Au cours des derniers mois, les services de sécurité européens ont constaté une augmentation marquée des actes de sabotage commis par des individus recrutés ponctuellement par les services russes. Ces « agents jetables » sont sollicités pour mener des actions allant du vandalisme et des incendies criminels jusqu’à des attaques contre des infrastructures civiles, dans le but de créer un climat d’insécurité et d’éroder le soutien à l’Ukraine au sein de l’Union européenne. Cette évolution est documentée dans une enquête détaillant le recours croissant de Moscou à des exécutants temporaires pour des opérations clandestines en Europe.
La particularité de cette méthode réside dans la dissociation quasi totale entre les commanditaires et les exécutants. Les recrues, souvent issues de milieux précaires ou marginalisés, sont contactées via des messageries chiffrées et reçoivent des instructions fragmentées, sans vision globale de l’opération. Leur caractère interchangeable réduit les risques politiques pour le Kremlin et complique l’attribution juridique directe à l’État russe.
Une menace diffuse et difficile à détecter
Contrairement aux agents de renseignement classiques, ces exécutants ne disposent ni de formation approfondie ni de couverture institutionnelle. Cette absence de professionnalisation les rend paradoxalement plus dangereux : beaucoup ne mesurent pas pleinement la portée de leurs actes ou l’identité réelle de leurs commanditaires. Les paiements, promis en cryptomonnaies, varient de quelques dollars pour des graffitis à plusieurs milliers pour des actes violents, avec de nombreux cas documentés de non-paiement, soulignant leur statut éphémère.
Des investigations menées au Royaume-Uni et dans d’autres pays européens ont mis en lumière les mécanismes financiers et opérationnels utilisés pour financer ces sabotages. Ces pratiques exploitent les failles sociales et économiques internes à l’UE, transformant des vulnérabilités domestiques en instruments d’une stratégie hybride étrangère.
Une stratégie hybride aux effets psychologiques ciblés
Les actes commis par ces « agents jetables » ne visent pas uniquement des dégâts matériels. Même des sabotages mineurs produisent un effet psychologique disproportionné, alimentant un sentiment d’insécurité et de défiance envers les autorités nationales. Moscou cherche ainsi à fragiliser la cohésion interne de l’UE, en donnant l’impression que les gouvernements sont incapables de prévenir ou de contenir ces menaces.

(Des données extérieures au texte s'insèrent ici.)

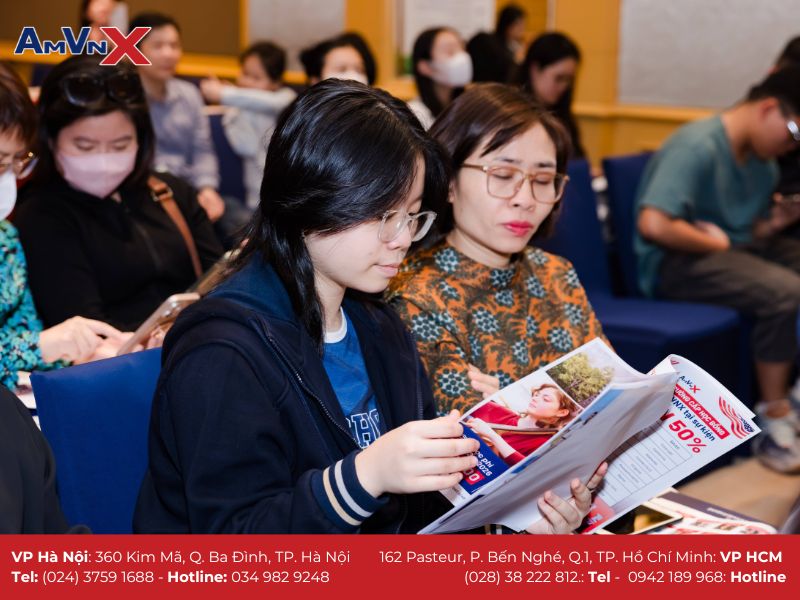 Cuối tuần qua, hội thảo THPT Nội Trú Mỹ: "Buông" Để Con Bay do AMVNX tổ chức đã diễn ra thành công tại Hà Nội và TP. Hồ Chí Minh, thu hút sự quan tâm của đông đảo phụ huynh và học sinh. Sự kiện không chỉ mang đến những thông tin giá trị về hành trình du học THPT nội trú Mỹ mà còn giúp phụ huynh có cái nhìn sâu sắc hơn về việc chuẩn bị tâm lý, tài chính và chiến lược phù hợp để đồng hành cùng con. Với sự tham gia của các chuyên gia hàng đầu, những chia sẻ thực tế từ phụ huynh có con đang học tập tại Mỹ, hội thảo đã mang lại nhiều khoảnh khắc đáng nhớ và hữu ích cho người tham dự.

Des analyses médiatiques ont montré comment la Russie structure ces réseaux de sabotage à bas coût pour tester les limites de réaction des États européens. Cette approche graduelle permet au Kremlin d’intensifier ou d’ajuster la pression sans franchir formellement le seuil d’un affrontement direct.
Une extension de la guerre au-delà du front ukrainien
Les autorités de plusieurs États membres considèrent désormais ces actions comme une extension directe de la guerre menée contre l’Ukraine, transposée sur le territoire européen par d’autres moyens. Les enquêtes conduites en Allemagne, en Pologne, en Tchéquie ou au Royaume-Uni ont établi des liens directs ou indirects avec les services russes, confirmant le caractère systémique de cette campagne.
Face à cette menace, une réponse uniquement réactive apparaît insuffisante. Les experts plaident pour une stratégie européenne coordonnée combinant contrôle accru des flux financiers numériques, partage de renseignements, prévention sociale et renforcement des capacités de contre-espionnage. Sans une telle approche proactive, l’Europe resterait exposée à des attaques peu coûteuses mais hautement déstabilisatrices.